PROBLEM DETAILS: Given the listing below, write out exactly the lines starting with the line that has "充電協議:相容於Qi2、Qi | PD3.0/PPS | APPLE 2.4A" and going on through the line that has "Дневник 1-11 класс", both kept.

ENTRIES SHOWN:
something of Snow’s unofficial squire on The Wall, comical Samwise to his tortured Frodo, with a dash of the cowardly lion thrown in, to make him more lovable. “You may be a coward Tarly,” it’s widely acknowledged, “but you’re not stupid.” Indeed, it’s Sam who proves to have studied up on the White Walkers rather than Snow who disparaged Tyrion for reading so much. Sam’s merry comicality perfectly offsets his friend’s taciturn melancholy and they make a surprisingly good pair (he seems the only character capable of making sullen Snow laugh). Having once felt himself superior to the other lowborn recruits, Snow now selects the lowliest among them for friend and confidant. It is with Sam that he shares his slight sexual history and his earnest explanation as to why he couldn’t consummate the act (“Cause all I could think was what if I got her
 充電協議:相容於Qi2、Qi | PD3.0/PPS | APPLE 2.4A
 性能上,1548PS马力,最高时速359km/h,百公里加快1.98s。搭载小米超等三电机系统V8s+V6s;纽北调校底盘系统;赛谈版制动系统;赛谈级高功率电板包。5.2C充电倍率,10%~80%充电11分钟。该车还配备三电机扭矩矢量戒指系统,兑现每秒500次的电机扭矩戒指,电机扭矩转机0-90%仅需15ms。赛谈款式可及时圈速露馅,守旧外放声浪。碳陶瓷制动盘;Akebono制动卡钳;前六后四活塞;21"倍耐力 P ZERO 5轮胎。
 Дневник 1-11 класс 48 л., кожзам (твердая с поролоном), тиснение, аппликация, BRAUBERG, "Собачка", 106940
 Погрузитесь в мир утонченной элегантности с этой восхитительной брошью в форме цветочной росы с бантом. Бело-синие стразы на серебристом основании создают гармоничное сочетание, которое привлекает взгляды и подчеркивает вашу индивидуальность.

---

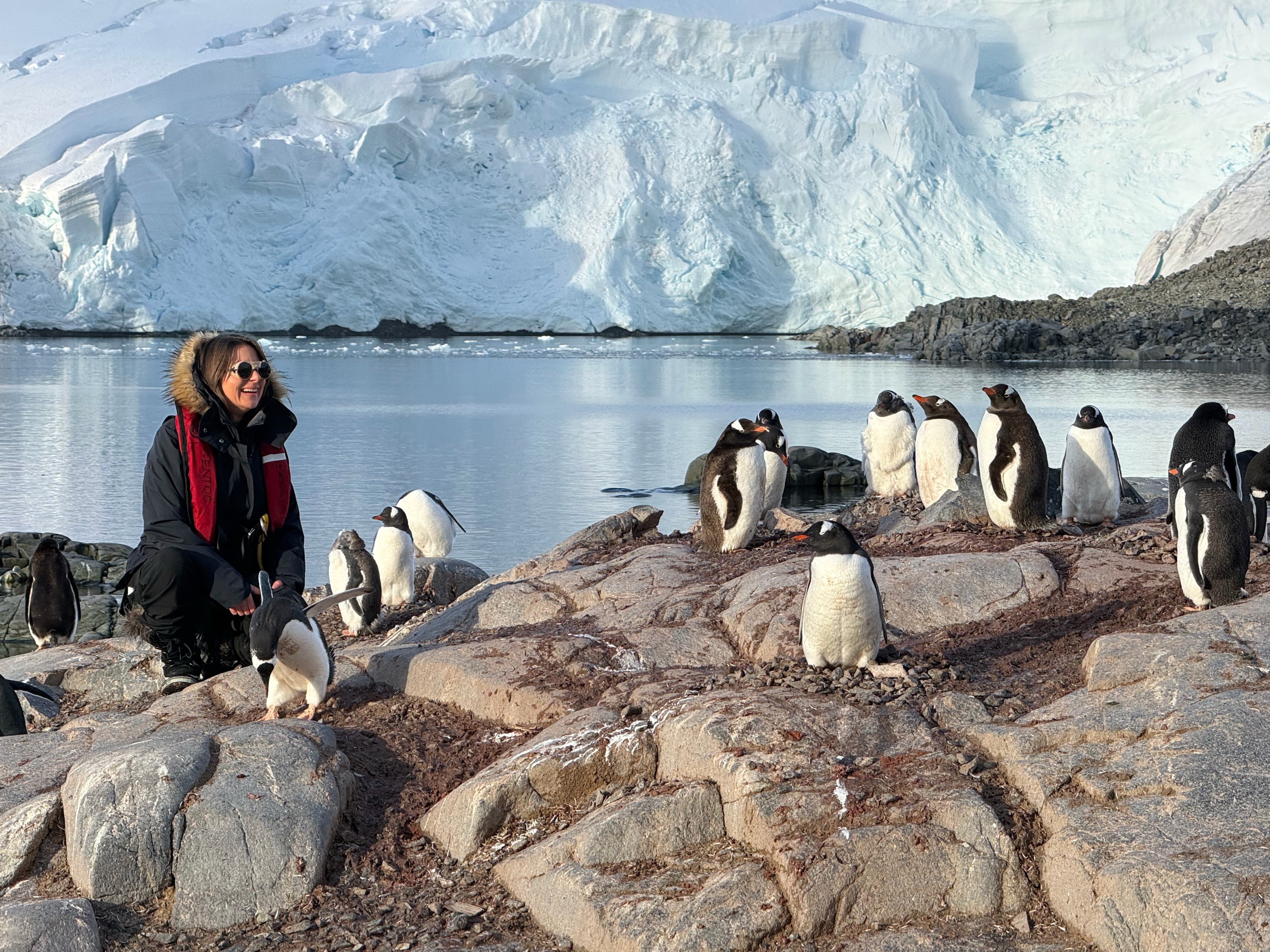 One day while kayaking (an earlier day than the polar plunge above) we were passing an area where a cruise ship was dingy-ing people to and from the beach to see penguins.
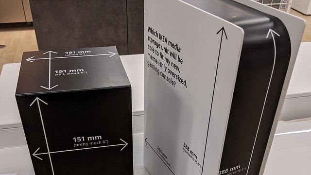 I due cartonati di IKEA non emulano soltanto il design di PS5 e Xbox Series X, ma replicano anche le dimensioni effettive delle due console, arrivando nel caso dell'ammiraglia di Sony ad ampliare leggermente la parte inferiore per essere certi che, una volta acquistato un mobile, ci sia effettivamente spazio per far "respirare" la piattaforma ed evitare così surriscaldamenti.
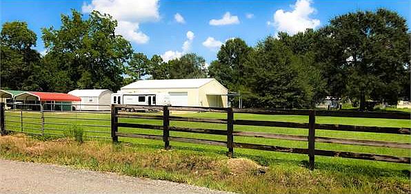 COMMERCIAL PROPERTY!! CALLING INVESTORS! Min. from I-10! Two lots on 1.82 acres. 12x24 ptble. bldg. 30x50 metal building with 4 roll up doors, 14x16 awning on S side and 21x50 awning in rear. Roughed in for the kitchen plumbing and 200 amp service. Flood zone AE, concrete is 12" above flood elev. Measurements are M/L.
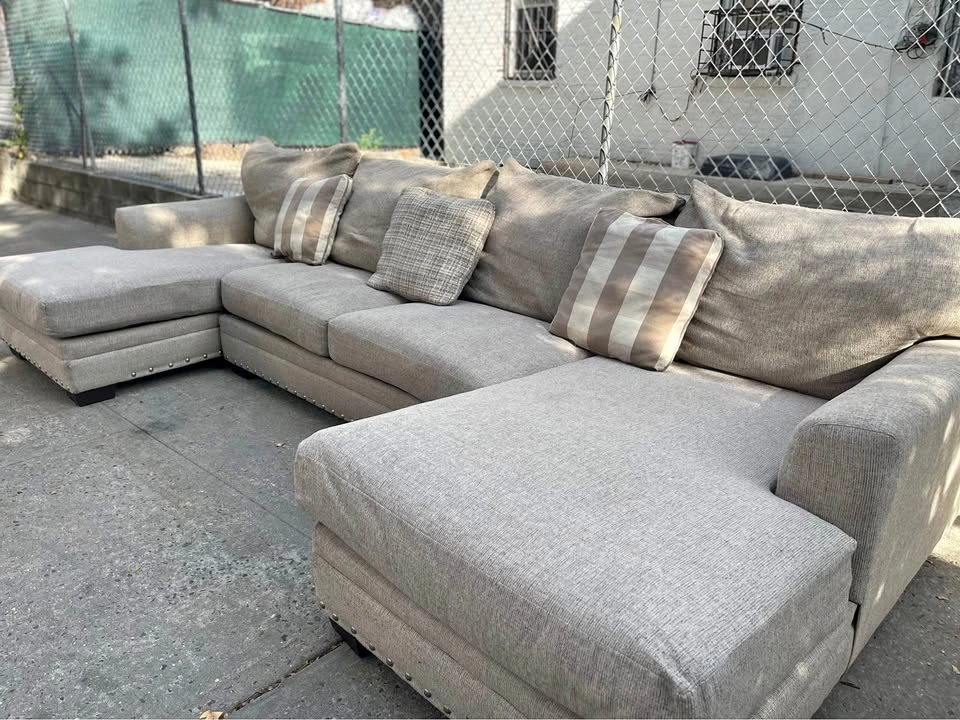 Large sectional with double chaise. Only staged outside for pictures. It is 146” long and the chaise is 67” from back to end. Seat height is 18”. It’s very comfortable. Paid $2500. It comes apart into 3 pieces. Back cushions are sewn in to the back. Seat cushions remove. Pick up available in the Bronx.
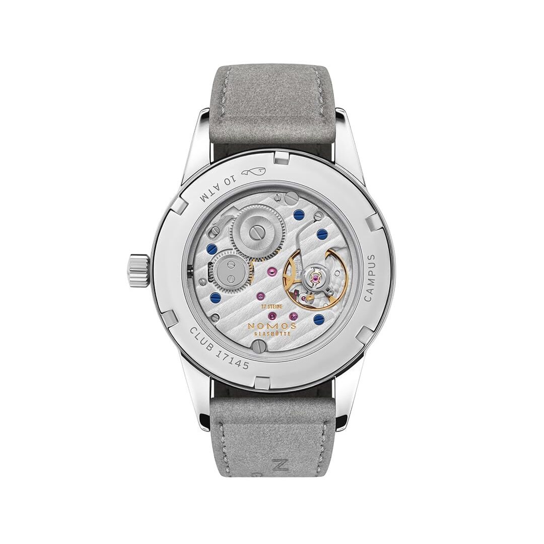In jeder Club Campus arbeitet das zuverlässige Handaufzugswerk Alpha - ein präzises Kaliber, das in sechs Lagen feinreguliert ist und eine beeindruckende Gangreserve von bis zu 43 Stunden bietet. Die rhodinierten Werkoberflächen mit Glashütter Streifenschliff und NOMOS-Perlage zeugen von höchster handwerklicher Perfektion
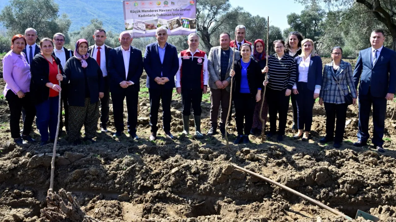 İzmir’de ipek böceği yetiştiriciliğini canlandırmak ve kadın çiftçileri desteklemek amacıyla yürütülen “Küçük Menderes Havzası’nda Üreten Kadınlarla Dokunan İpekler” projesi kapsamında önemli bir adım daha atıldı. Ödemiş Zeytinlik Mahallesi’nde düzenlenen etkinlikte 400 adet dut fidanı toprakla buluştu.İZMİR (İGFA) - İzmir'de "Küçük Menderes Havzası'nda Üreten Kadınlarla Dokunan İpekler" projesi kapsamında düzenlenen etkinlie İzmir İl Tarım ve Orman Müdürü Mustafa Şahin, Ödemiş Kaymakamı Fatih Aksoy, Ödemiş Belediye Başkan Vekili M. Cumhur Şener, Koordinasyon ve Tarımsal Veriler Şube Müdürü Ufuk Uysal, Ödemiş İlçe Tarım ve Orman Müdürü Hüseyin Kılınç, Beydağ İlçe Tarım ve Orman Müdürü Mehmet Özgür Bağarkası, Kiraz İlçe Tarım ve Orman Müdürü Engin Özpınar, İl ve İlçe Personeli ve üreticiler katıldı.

...

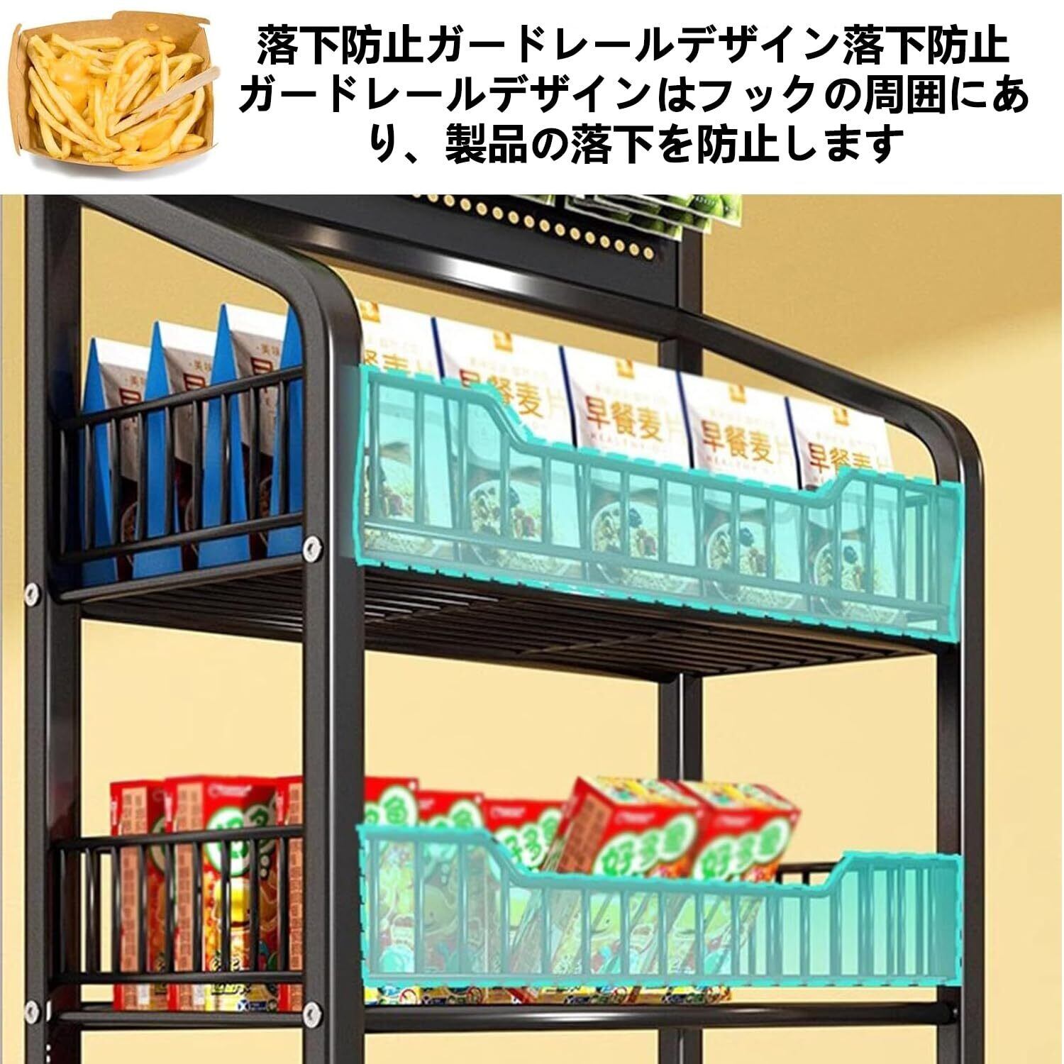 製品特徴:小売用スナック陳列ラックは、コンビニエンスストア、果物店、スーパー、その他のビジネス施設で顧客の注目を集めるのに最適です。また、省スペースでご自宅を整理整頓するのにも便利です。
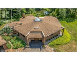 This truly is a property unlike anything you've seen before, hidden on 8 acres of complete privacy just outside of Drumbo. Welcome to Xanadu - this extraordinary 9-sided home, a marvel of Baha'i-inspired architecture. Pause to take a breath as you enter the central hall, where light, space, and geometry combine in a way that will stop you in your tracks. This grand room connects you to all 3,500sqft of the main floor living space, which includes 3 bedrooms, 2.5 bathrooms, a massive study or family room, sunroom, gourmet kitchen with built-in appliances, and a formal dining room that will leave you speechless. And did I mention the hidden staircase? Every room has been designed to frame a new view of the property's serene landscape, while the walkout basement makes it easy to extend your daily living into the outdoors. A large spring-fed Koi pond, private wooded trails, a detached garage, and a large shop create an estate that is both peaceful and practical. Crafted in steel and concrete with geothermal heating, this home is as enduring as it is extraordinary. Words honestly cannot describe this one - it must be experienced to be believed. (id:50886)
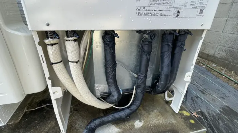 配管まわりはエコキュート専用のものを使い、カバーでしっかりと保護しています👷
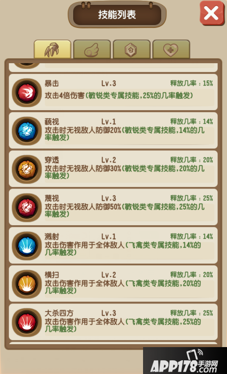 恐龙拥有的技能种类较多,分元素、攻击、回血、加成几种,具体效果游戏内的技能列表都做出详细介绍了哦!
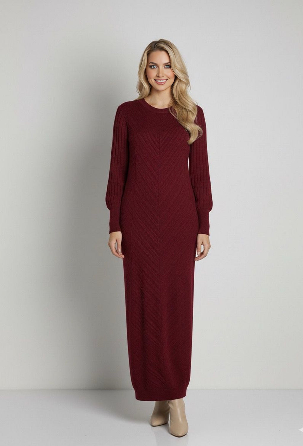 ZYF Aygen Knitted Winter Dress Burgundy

RESPONSE BELOW:
 充電協議:相容於Qi2、Qi | PD3.0/PPS | APPLE 2.4A
 性能上,1548PS马力,最高时速359km/h,百公里加快1.98s。搭载小米超等三电机系统V8s+V6s;纽北调校底盘系统;赛谈版制动系统;赛谈级高功率电板包。5.2C充电倍率,10%~80%充电11分钟。该车还配备三电机扭矩矢量戒指系统,兑现每秒500次的电机扭矩戒指,电机扭矩转机0-90%仅需15ms。赛谈款式可及时圈速露馅,守旧外放声浪。碳陶瓷制动盘;Akebono制动卡钳;前六后四活塞;21"倍耐力 P ZERO 5轮胎。
 Дневник 1-11 класс 48 л., кожзам (твердая с поролоном), тиснение, аппликация, BRAUBERG, "Собачка", 106940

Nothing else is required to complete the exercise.